High availability configurations

If you want to operate your IBM® MQ queue managers in a high availability (HA) configuration, you can set up your queue managers to work either with a high availability manager, such as PowerHA® for AIX® (formerly HACMP ) or the Microsoft Cluster Service (MSCS), or with IBM MQ multi-instance queue managers. [V9.1.0 Jul 2018] On Linux systems, you can also deploy replicated data queue managers (RDQMs), which use a quorum-based group to provide high availability.

[MQ Appliance] Another option for a high availability or disaster recovery solution is to deploy a pair of IBM MQ appliances. See High Availability and Disaster Recovery in the IBM MQ Appliance documentation.
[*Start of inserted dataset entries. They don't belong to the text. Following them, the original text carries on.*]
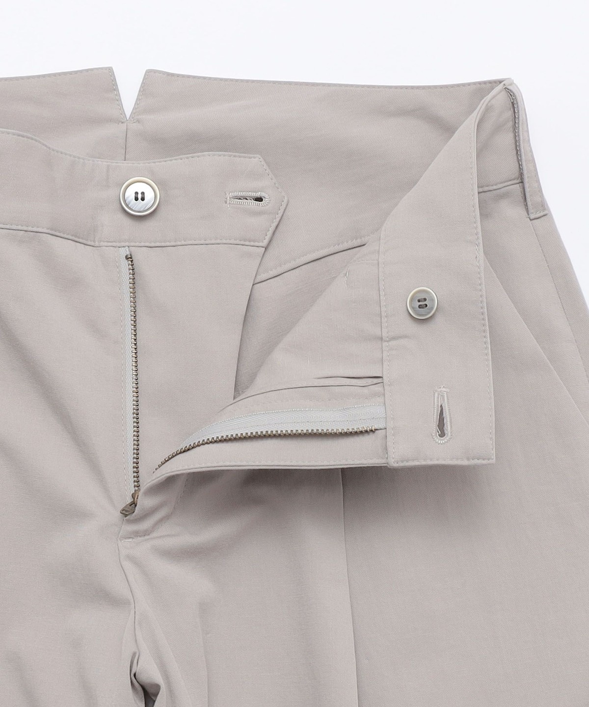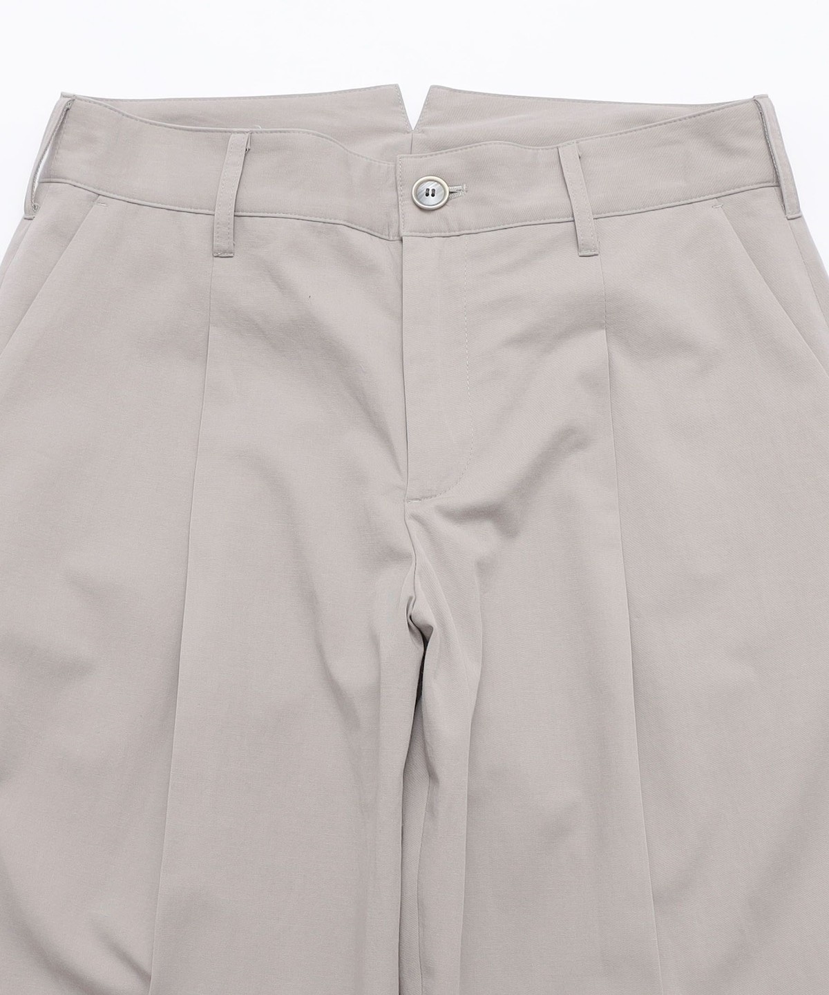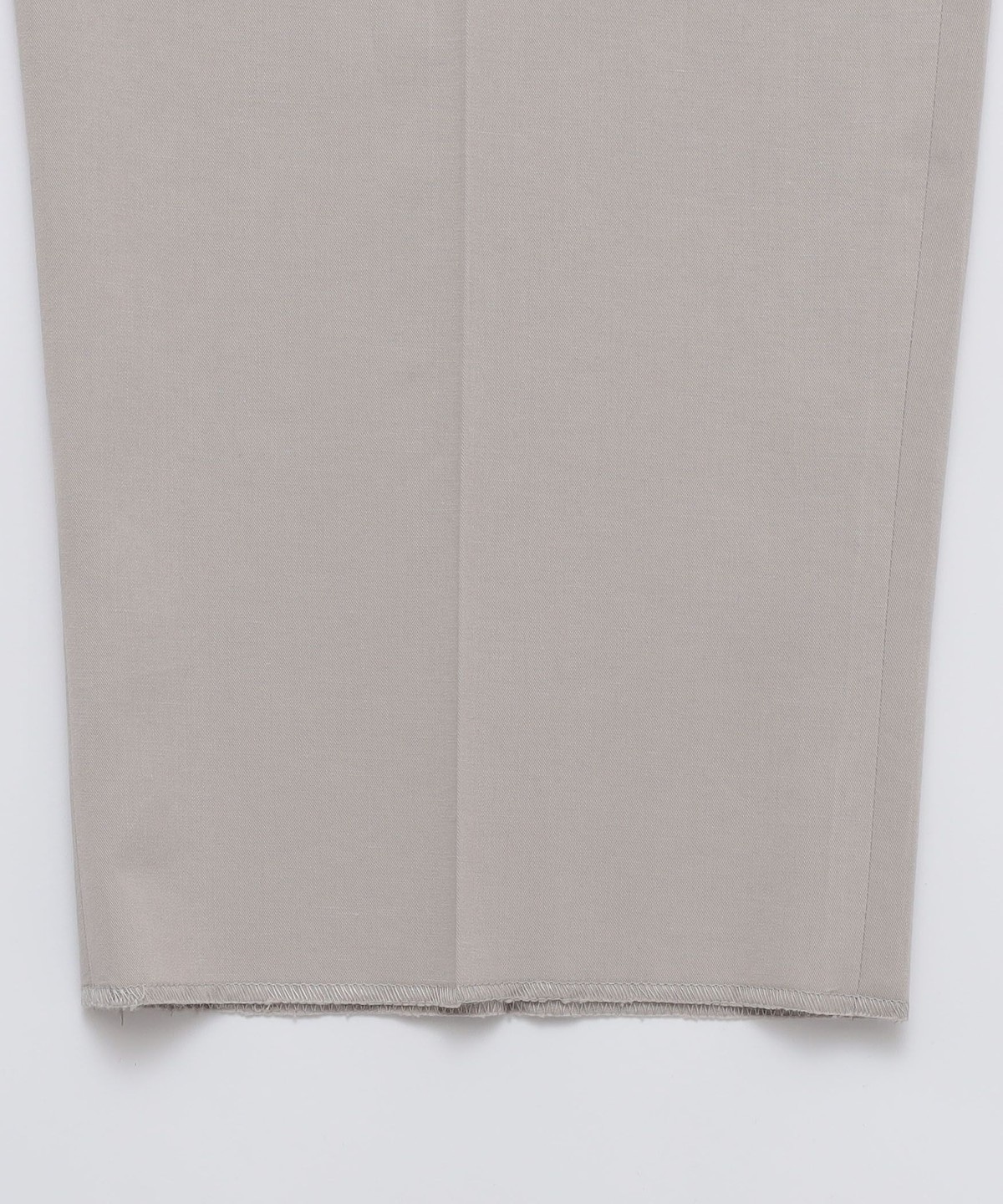 その抑揚のないシルエットを後ろ帯を高めに設定。ウエストに張り付かせ、裾にかけて大きくテーパードさせることでメンズらしい抑揚をつけました。
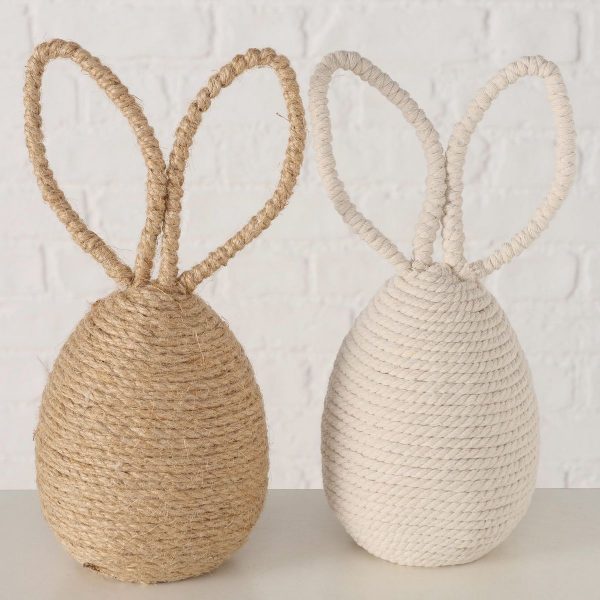 Decorative object Elina, 2 ass., Rabbit, Egg, H 27,00 cm, Iron, Polystyrene foam, Jute, Cotton, Polyester, Single-colour
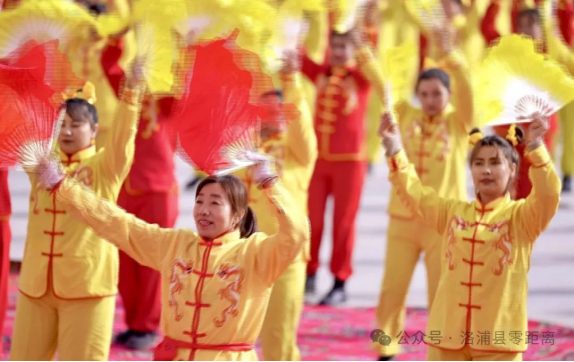 舞者们整齐地挥舞着扇子,形成了一幅动态的画卷。
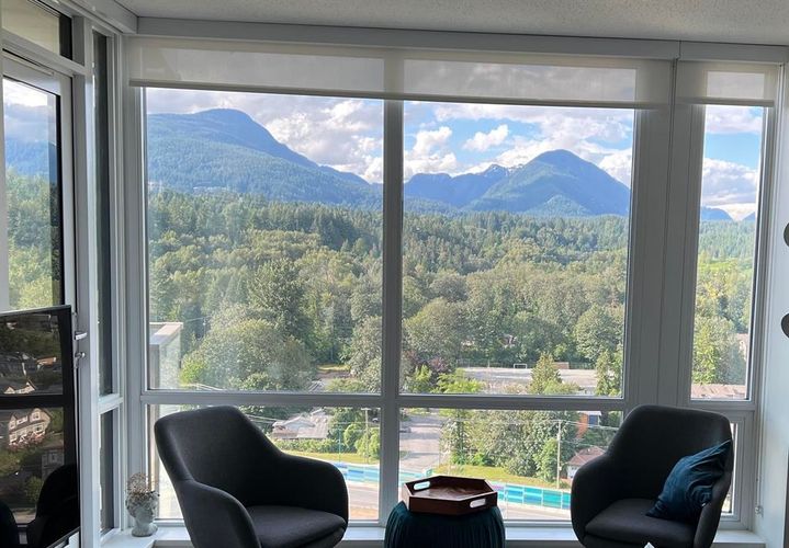 Experience North Shore living at Beacon in Seylynn Village! This 1-bedroom home features a modern kitchen with island & stainless steel appliances, bright living area with floor-to-ceiling windows and mountain views, a peaceful bedroom with walk-in closet, spa-style bathroom, in-suite laundry, and covered balcony with gas BBQ hookup. Includes parking, storage & bike locker, A/C, and access to luxurious amenities: indoor pool, hot tub, sauna, steam room, fitness centre, party room & guest suite. Steps to shops, trails, and nature, minutes to downtown Vancouver! (id:26452)

You need to be aware of the following configuration definitions:

Queue manager clusters: Groups of two or more queue managers on one or more computers, providing automatic interconnection, and allowing queues to be shared among them for load balancing and redundancy. From IBM WebSphere® MQ 7.1 onwards, cluster error recovery reruns operations that caused problems until the problems are resolved.
HA clusters: HA clusters are groups of two or more computers and resources such as disks and networks, connected together and configured in such a way that, if one fails, a high availability manager, such as HACMP ( UNIX ) or MSCS ( Windows ) performs a failover. The failover transfers the state data of applications from the failing computer to another computer in the cluster and re-initiates their operation there. This provides high availability of services running within the HA cluster. The relationship between IBM MQ clusters and HA clusters is described in Relationship of HA clusters to queue manager clusters.
Multi-instance queue managers: Instances of the same queue manager configured on two or more computers. By starting multiple instances, one instance becomes the active instance and the other instances become standbys. If the active instance fails, a standby instance running on a different computer automatically takes over. You can use multi-instance queue managers to configure your own highly available messaging systems based on IBM MQ, without requiring a cluster technology such as HACMP or MSCS. HA clusters and multi-instance queue managers are alternative ways of making queue managers highly available. Do not combine them by putting a multi-instance queue manager in an HA cluster.
High availability replicated data queue managers (HA RDQMs): Instances of the same queue manager configured on each node in a group of three Linux® servers. One of the three instances is the active instance. Data from the active queue manager is synchronously replicated to the other two instances, so one of these instances can take over in the event of some failure. The grouping of the servers is controlled by Pacemaker, and the replication by DRBD.
Disaster recovery replicated data queue managers (DR RDQMs): A queue manager runs on a primary node at one site, with a secondary instance of that queue manager located on a recovery node at a different site. Data is replicated between the primary instance and the secondary instance, and if the primary node is lost for some reason, the secondary instance can be made into the primary instance and started. Both nodes must be Linux servers. The replication is controlled by DRBD.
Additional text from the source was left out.